# GeekVape Ammit Dual



## Daniel Alves (10/4/17)

Hi,

Amy indication of when and who will stock the retail version?

the retail version should include the 3rd fill part on the top of the chimney.






*(additional top filling chimney included)*

Reactions: Thanks 1


----------



## boxerulez (10/4/17)

Daniel Alves said:


> Hi,
> 
> Amy indication of when and who will stock the retail version?
> 
> ...


Who the hell would unscrew that bit to refill as per Way2? These Chinese marketers you know...

Reactions: Like 1


----------



## Chris du Toit (10/4/17)

Way no2 was the initial design, they have since added the top fill section as there was issues with the glass popping off and juice going all over the show by some of the reviewers. Nice to see that they take these problems into consideration.


----------



## boxerulez (10/4/17)

Chris du Toit said:


> Way no2 was the initial design, they have since added the top fill section as there was issues with the glass popping off and juice going all over the show by some of the reviewers. Nice to see that they take these problems into consideration.
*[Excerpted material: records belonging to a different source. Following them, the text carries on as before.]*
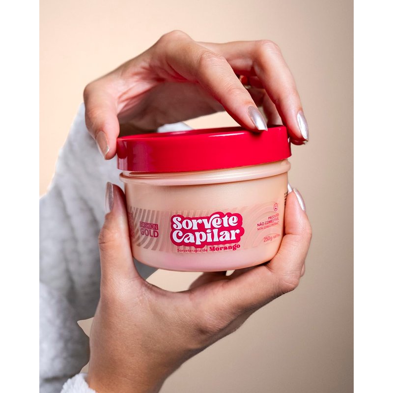 The line of Hair Sorbets is a revolution in hair care, delivering a unique and innovative experience for those looking for healthy, shiny and frizz-free hair. Inspired by the world of ice cream flavors, the Hair Sorbet line consists of three distinct creams, each representing the delicious flavors of Strawberry, Chocolate, and Vanilla. The standout of this line is the cold shock treatment. Each cream is formulated with advanced technology and high-quality ingredients that not only support but also optimize the benefits of the cold shock. This results in an unprecedented hair treatment characterized by the precise closing of the hair cuticle, effective control of elasticity of the strands and the reduction of frizz. Therefore, the Hair Sorbets is not a treatment like any other, but an experience that involves your senses in a world of freshness. Choose among the three flavors to adapt your treatment to the needs of your hair. With the Fashion Gold Hair Sorbet line, your hair will never be the same again. Experience the freshness and the benefits of these hair treatments and enjoy the extraordinary results they offer. Let your unique personality shine with confidence on any occasion knowing that you are giving your hair the treatment that it deserves. Be part of the hair care revolution with Hair Sorbets and discover a new dimension of beauty and hair wellness. Strawberry Ice Cream Therapy Strawberry Ice Cream Therapy is a luscious hair therapy. With Strawberry Frulix and Strawberry Extract, this formula resists low temperatures, allowing the ingredients to penetrate deeply to revitalize, nourish and strengthen the hair fiber. This attention to detail guarantees an effective nourishment in the hair’s cortex and significantly reduces frizz. Your hair will stay incredibly soft, strong and frizz-free. Benefits COLD SHOCK TREATMENT: The Hair Sorbets line offers an innovative hair treatment with cold shock, which helps with the precise closing of the hair cuticles, guaranteeing benefits such as frizz control, elasticity of the strands, and intense moisture. INTENSE MOISTURE: Each cream line, represented by flavors such as Strawberry, Chocolate, and Vanilla, offers intense moisture to the hair. This helps to keep the strands healthy and well nourished. FRIZZ CONTROL: The products in the Hair Sorbets line contribute to the significant reduction of frizz, leaving the hair smoother and healthier looking. LONG-LASTING SHINE: With ingredients that are technologically adapted to support low temperatures, the Hair Sorbets line intensifies the shine of the hair giving it a radiant appearance. HAIR REVITALIZATION: The ingredients present in the formula revitalize the hair, making it softer, shinier, and full of life. PROTECTION AGAINST COLD: Thanks to their resistance to low temperatures, these products are ideal for cold environments and help to protect the hair from damage related to the climate. Mechanism of Action The mechanism of action of the Hair Sorbets is based on the treatment with cold shock. When applied to the hair, this product works to promote the precise closing of the hair cuticles. Closing the cuticles is essential for controlling the elasticity of the strands, reducing frizz and providing intense moisture, which results in healthier hair with a long-lasting shine. Furthermore, its technologically adapted formula is created to resist low temperatures, which optimizes the effectiveness of the treatment, even in cold environments. Thus, the Hair Sorbets work to provide an unprecedented hair treatment, that not only refreshes, but also revitalizes and strengthens the hair, keeping it healthy and beautiful. Mode of Use 01 After washing the hair with your shampoo of choice, take the Hair Sorbet out of the freezer. 02 Use a spatula to apply the Hair Sorbet on the hair. 03 Use a comb to distribute the product evenly. Make sure to not use gloves when applying it, to avoid warming the product. 04 Leave the Hair Sorbet on the hair until it reaches room temperature. 05 Rinse. Ingredients: VANILLA MILK: As the main ingredient of Vanilla Ice Cream Therapy, it is a valuable source of antioxidants that protects the strands against damage from free radicals, strengthening the hair structure. Furthermore, it intensifies shine, delivering concentrated moisture and frizz control. Its ability to nourish and revitalize the hair results in hair that has a luminous, healthy, and smooth appearance, even in challenging climatic conditions. LAMINARIA LATISSIMA (SUGAR KELP): Sugar Kelp, a fundamental ingredient in the Fashion Gold Hair Sorbet line, is a variety of notable marine algae, found in the frigid waters of the North Atlantic. What makes this alga so special is its incredible ability to prosper in extreme cold, resisting temperatures that frequently fall below zero. This adaptive quality not only makes it unique, but it also provides a series of exceptional benefits for hair treatment, especially when incorporated in a line like Hair Sorbets. Sugar Kelp is a master of adaptation. When confronted with frigid temperatures, this alga adjusts its metabolic activity to synthesize new molecules. This process is an extraordinary response to climatic adversity, allowing the alga not only to survive, but also to prosper. What is truly noteworthy is that these new synthesized molecules have important properties for the hair. They contribute to the revitalization and strengthening of the strands, helping to combat the damage caused by different factors, including exposure to extremely low temperatures. In addition to the benefits for hair renewal, Sugar Kelp algae play an essential role in maintaining the formula of cosmetic products in environments with low temperatures. Its unique ability to adapt is not limited to just synthesizing molecules beneficial for the hair, but it also contributes to the stability and preservation of other ingredients present in products’ formulas. This quality makes Sugar Kelp algae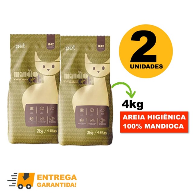 Areia de Gato MandioCat Biodegradável higiênica natural 100% Mandioca 4KG -Envio Rápido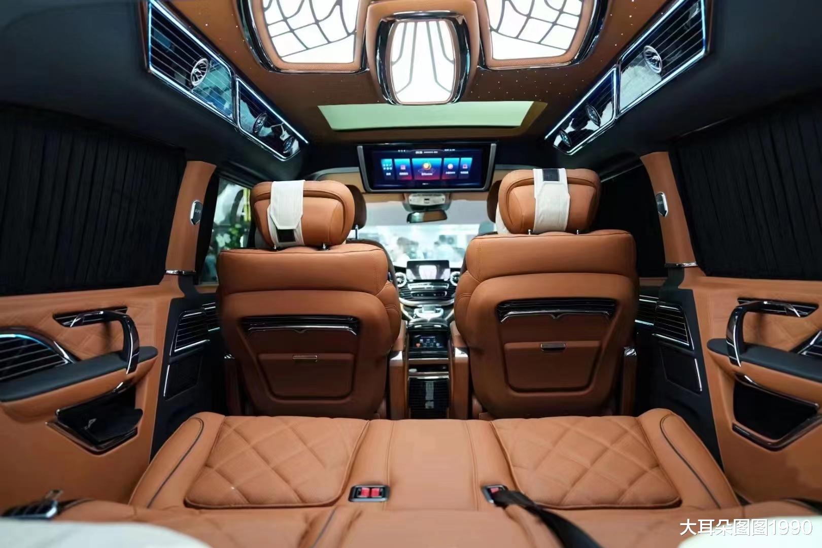 傲旋开拓者是基于梅赛德斯奔驰V级长轴定制版车型打造而来!其底盘属于福建奔驰专属定制底盘,和我们在4S店看到的车型是有所不一样的。外观方面定制了奔驰迈巴赫同款包围,搭配鹰眼式的LED大灯,为其吸睛不少;这也是很多车主最喜欢的一款外观搭配,非常经典的设计。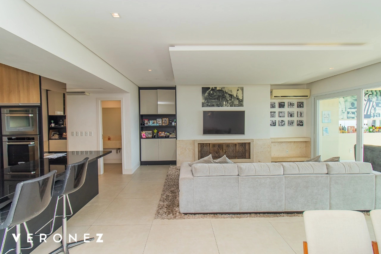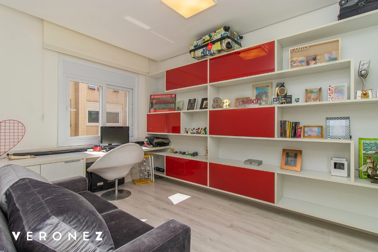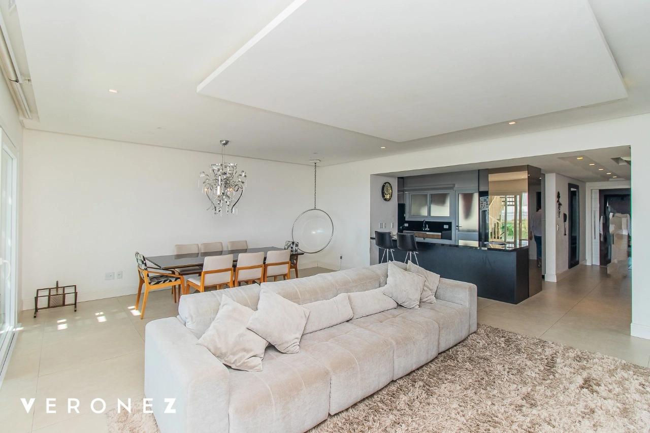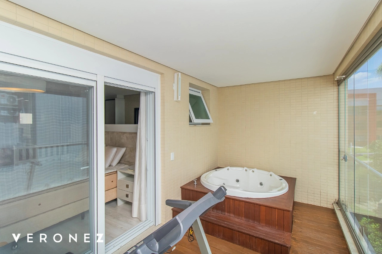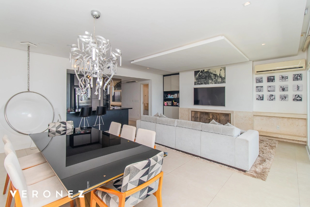 São 320 m² privativos, 3 amplas suítes com persianas elétricas e split instalado. Na suíte master tem uma varanda com jacuzzi e esteira! Passando os dormitórios você encontra uma aconchegante sala de cinema, projetada para ficar totalmente escura e proporcionar a melhor experiencia de um filme em família! No living temos lavabo, amplo ambiente de TV com lareira, split, varanda integrada com linda vista para o Guaíba, cozinha americana com churrasqueira e área de serviço separada com banheiro auxiliar! Na cobertura, piscina com deck molhado, amplo ambiente para churrasco com mesa de sinuca, TV, split e lavabo! O elevador chega diretamente no andar superior!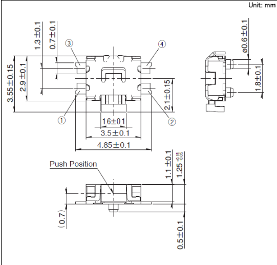 3.5x3.55x1.25mm 3.5×3.55mm薄型Side Push型(表面貼裝) 實現(xiàn)較高的焊接強度和小型化、薄型化(1.25mm)。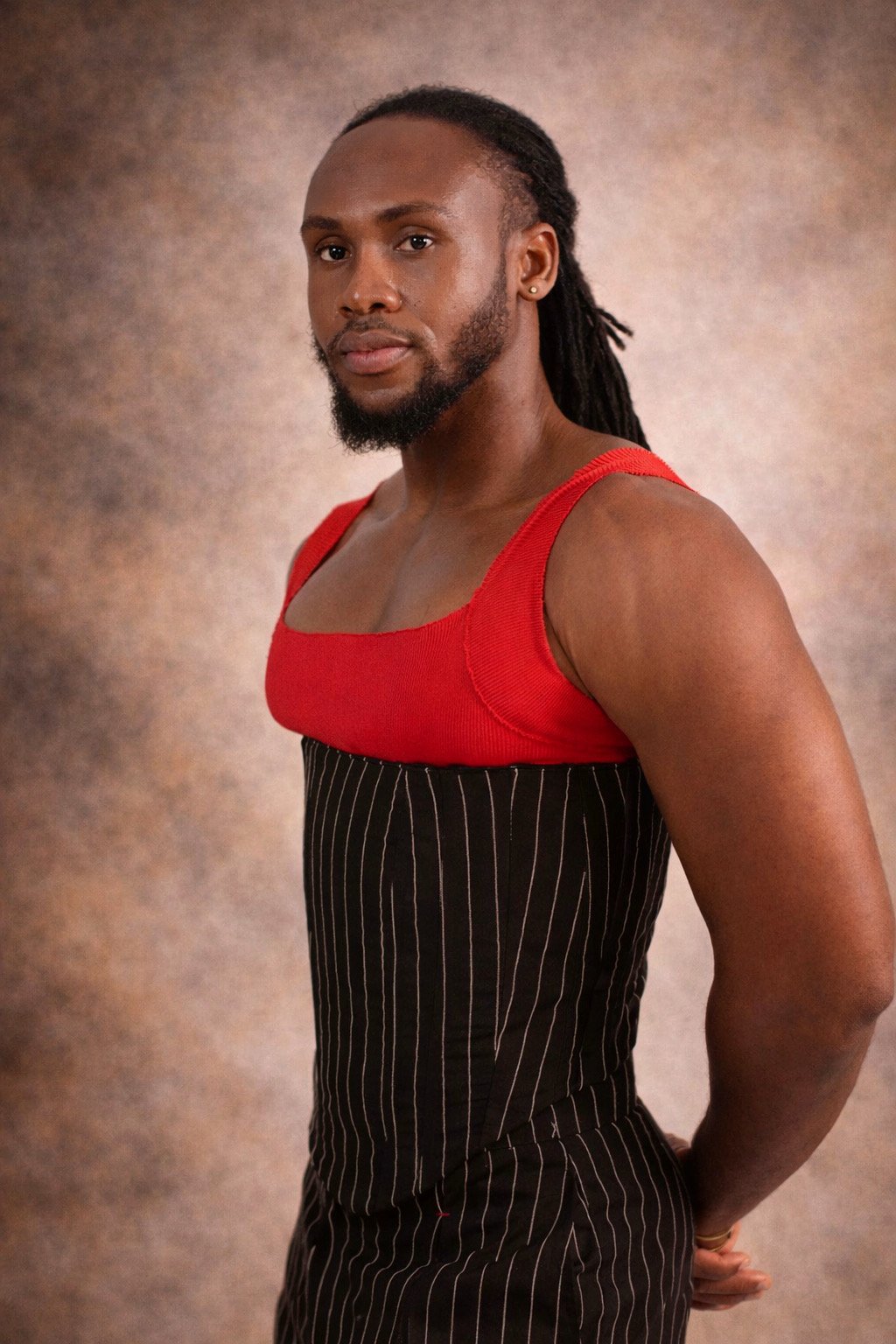 TADJIN explore une élégance audacieuse à travers un contraste visuel puissant. Le haut structuré, intégrant un corset interne, redessine le buste avec précision et impose une posture nette, presque architecturale. La partie supérieure, en matière extensible, épouse le corps et accentue la tension de la silhouette.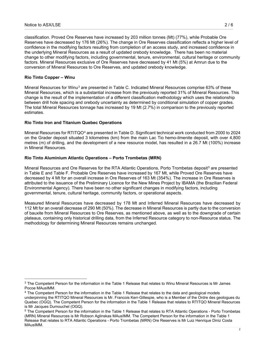 Notice to ASX/LSE 2 / 6 2 classification. Proved Ore Reserves have increased by 203 million tonnes (Mt) (77%), while Probable Ore Reserves have decreased by 176 Mt (26%). The change in Ore Reserves classification reflects a higher level of confidence in the modifying factors resulting from completion of an access study, and increased confidence in the underlying Mineral Resources as a result of updated orebody knowledge. There has been no material change to other modifying factors, including governmental, tenure, environmental, cultural heritage or community factors. Mineral Resources exclusive of Ore Reserves have decreased by 41 Mt (5%) at Amrun due to the conversion of Mineral Resources to Ore Reserves, and updated orebody knowledge. Rio Tinto Copper – Winu Mineral Resources for Winu3 are presented in Table C. Indicated Mineral Resources comprise 63% of these Mineral Resources, which is a substantial increase from the previously reported 31% of Mineral Resources. This change is the result of the implementation of a different classification methodology which uses the relationship between drill hole spacing and orebody uncertainty as determined by conditional simulation of copper grades. The total Mineral Resources tonnage has increased by 19 Mt (2.7%) in comparison to the previously reported estimates. Rio Tinto Iron and Titanium Quebec Operations Mineral Resources for RTITQO4 are presented in Table D. Significant technical work conducted from 2000 to 2024 on the Grader deposit situated 3 kilometres (km) from the main Lac Tio hemo-ilmenite deposit, with over 4,800 metres (m) of drilling, and the development of a new resource model, has resulted in a 26.7 Mt (100%) increase in Mineral Resources. Rio Tinto Aluminium Atlantic Operations – Porto Trombetas (MRN) Mineral Resources and Ore Reserves for the RTA Atlantic Operations, Porto Trombetas deposit5 are presented in Table E and Table F. Probable Ore Reserves have increased by 167 Mt, while Proved Ore Reserves have decreased by 4 Mt for an overall increase in Ore Reserves of 163 Mt (354%). The increase in Ore Reserves is attributed to the issuance of the Preliminary Licence for the New Mines Project by IBAMA (the Brazilian Federal Environmental Agency). There have been no other significant changes in modifying factors, including governmental, tenure, cultural heritage, community factors, or operational aspects. Measured Mineral Resources have decreased by 178 Mt and Inferred Mineral Resources have decreased by 112 Mt for an overall decrease of 290 Mt (50%). The decrease in Mineral Resources is partly due to the conversion of bauxite from Mineral Resources to Ore Reserves, as mentioned above, as well as to the downgrade of certain plateaus, containing only historical drilling data, from the Inferred Resource category to non-Resource status. The methodology for determining Mineral Resources remains unchanged. 3 The Competent Person for the information in the Table 1 Release that relates to Winu Mineral Resources is Mr James Pocoe MAusIMM. 4 The Competent Person for the information in the Table 1 Release that relates to the data and geological models underpinning the RTITQO Mineral Resources is Mr. Francois Kerr-Gillespie, who is a Member of the Ordre des geologues du Quebec (OGQ). The Competent Person for the information in the Table 1 Release that relates to RTITQO Mineral Resources is Mr Jacques Dumouchel (OGQ). 5 The Competent Person for the information in the Table 1 Release that relates to RTA Atlantic Operations - Porto Trombetas (MRN) Mineral Resources is Mr Robson Aglinskas MAusIMM. The Competent Person for the information in the Table 1 Release that relates to RTA Atlantic Operations - Porto Trombetas (MRN) Ore Reserves is Mr Luiz Henrique Diniz Costa MAusIMM.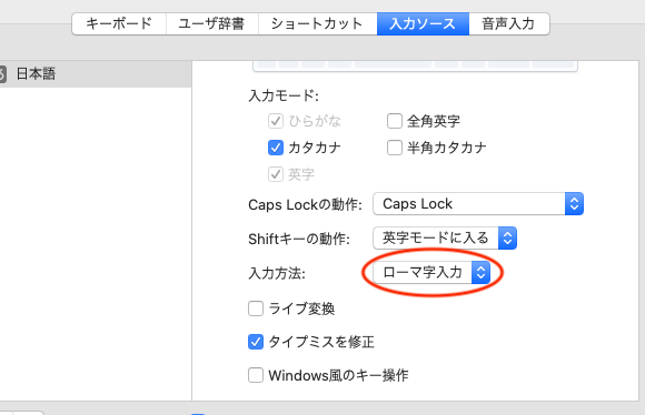 キーボードの入力ソースで日本語を選んでもローマ字入力がでません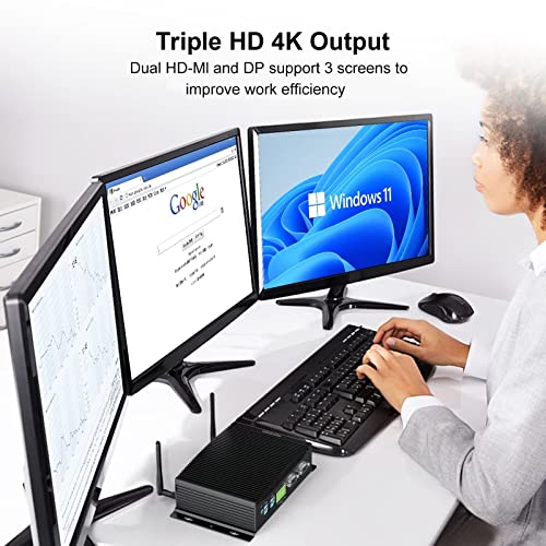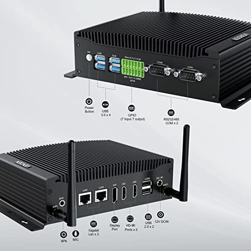 【Hocheffizientes 3-Display】Lüfterlos mini desktop PC mit reichen Schnittstellen (2*HD-MI, 1*DP, 4*USB 3.0, 2*USB 2.0, 2*RJ45 Lan, 2*RS232/485 COM, GPIO, SPK/MIC, 12V DC IN)), ermöglicht es Ihnen, mit mehr Geräten, wie Projektoren, Monitore, Lautsprecher, Tastatur, Maus und Büroausrüstung zu verbinden. Ausgezeichnetes Dreifach-Display-Design mit 4K UHD-Grafik, fördert Ihre Arbeitseffizienz und Produktivität erheblich und bietet Ihnen ein High-Definition-Erlebnis.

Lol would prefer to see them sort it out before running production. Thats just as stupid a design as the QuadFlex RDTA fill holes (seemed to be 500micron diameter) I mean, geekvape, COME ONE!

Reactions: Funny 1


----------



## Daniel Alves (10/4/17)

yeah No2 was original design with the sample versions they sent out to reviewers, after a big fuss they added the No1 which includes the the fill ports was added to retail version


----------